About this task:
Reproduce the material below only from the line with "Gianvito Rossi's sandals" to the line with "1)价格假设,预估2020-2022年公司钕铁硼不含税售价均为23.2万元/吨;", both included, keeping each line exact and dropping the pictures.

Exercise inputs:

---

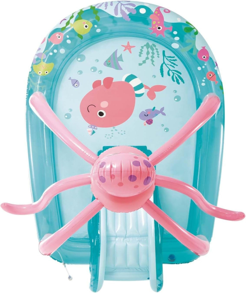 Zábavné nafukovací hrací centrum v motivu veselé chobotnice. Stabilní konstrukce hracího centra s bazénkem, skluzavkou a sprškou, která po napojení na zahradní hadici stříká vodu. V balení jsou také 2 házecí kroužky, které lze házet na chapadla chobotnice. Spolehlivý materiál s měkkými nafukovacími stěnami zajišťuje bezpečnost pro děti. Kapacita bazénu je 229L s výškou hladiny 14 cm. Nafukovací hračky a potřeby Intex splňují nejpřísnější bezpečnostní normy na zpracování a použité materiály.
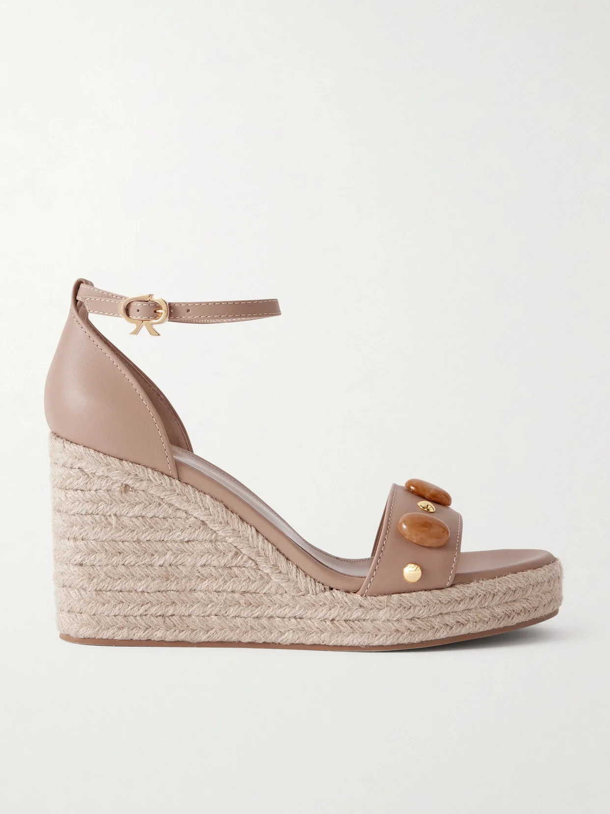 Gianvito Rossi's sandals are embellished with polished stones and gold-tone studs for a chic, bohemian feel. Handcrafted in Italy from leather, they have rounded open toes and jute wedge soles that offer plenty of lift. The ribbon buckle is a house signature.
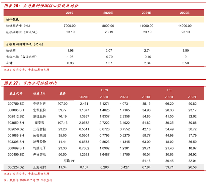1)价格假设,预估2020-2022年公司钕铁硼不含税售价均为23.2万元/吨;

---

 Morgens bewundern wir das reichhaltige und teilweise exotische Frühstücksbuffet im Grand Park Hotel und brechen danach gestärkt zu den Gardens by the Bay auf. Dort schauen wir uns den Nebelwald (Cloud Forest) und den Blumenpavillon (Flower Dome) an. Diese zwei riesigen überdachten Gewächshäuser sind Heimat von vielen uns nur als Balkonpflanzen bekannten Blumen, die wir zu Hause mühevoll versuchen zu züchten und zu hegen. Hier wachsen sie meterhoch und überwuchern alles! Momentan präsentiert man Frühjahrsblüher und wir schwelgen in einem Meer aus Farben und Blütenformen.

---

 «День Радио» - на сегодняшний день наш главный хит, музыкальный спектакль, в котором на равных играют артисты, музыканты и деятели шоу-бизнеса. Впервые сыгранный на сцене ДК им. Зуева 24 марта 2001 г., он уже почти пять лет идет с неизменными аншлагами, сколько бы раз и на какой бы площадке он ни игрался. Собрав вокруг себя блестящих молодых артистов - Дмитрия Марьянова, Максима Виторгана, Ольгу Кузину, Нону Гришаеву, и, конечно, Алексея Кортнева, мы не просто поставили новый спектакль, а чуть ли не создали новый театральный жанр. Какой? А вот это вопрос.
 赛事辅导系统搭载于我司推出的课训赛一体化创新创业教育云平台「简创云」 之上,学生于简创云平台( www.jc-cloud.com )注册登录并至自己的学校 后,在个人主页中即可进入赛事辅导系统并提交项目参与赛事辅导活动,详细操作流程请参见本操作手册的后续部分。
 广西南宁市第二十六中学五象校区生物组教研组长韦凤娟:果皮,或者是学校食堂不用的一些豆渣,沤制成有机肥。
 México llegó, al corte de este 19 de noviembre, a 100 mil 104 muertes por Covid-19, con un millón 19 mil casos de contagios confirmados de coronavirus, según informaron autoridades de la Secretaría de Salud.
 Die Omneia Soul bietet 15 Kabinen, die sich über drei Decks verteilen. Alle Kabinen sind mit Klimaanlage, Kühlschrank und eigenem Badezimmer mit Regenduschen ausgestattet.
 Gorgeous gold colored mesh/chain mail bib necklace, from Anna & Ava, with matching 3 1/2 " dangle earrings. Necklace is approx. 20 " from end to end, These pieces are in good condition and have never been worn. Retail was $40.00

---

Written solution:
 Gianvito Rossi's sandals are embellished with polished stones and gold-tone studs for a chic, bohemian feel. Handcrafted in Italy from leather, they have rounded open toes and jute wedge soles that offer plenty of lift. The ribbon buckle is a house signature.
1)价格假设,预估2020-2022年公司钕铁硼不含税售价均为23.2万元/吨;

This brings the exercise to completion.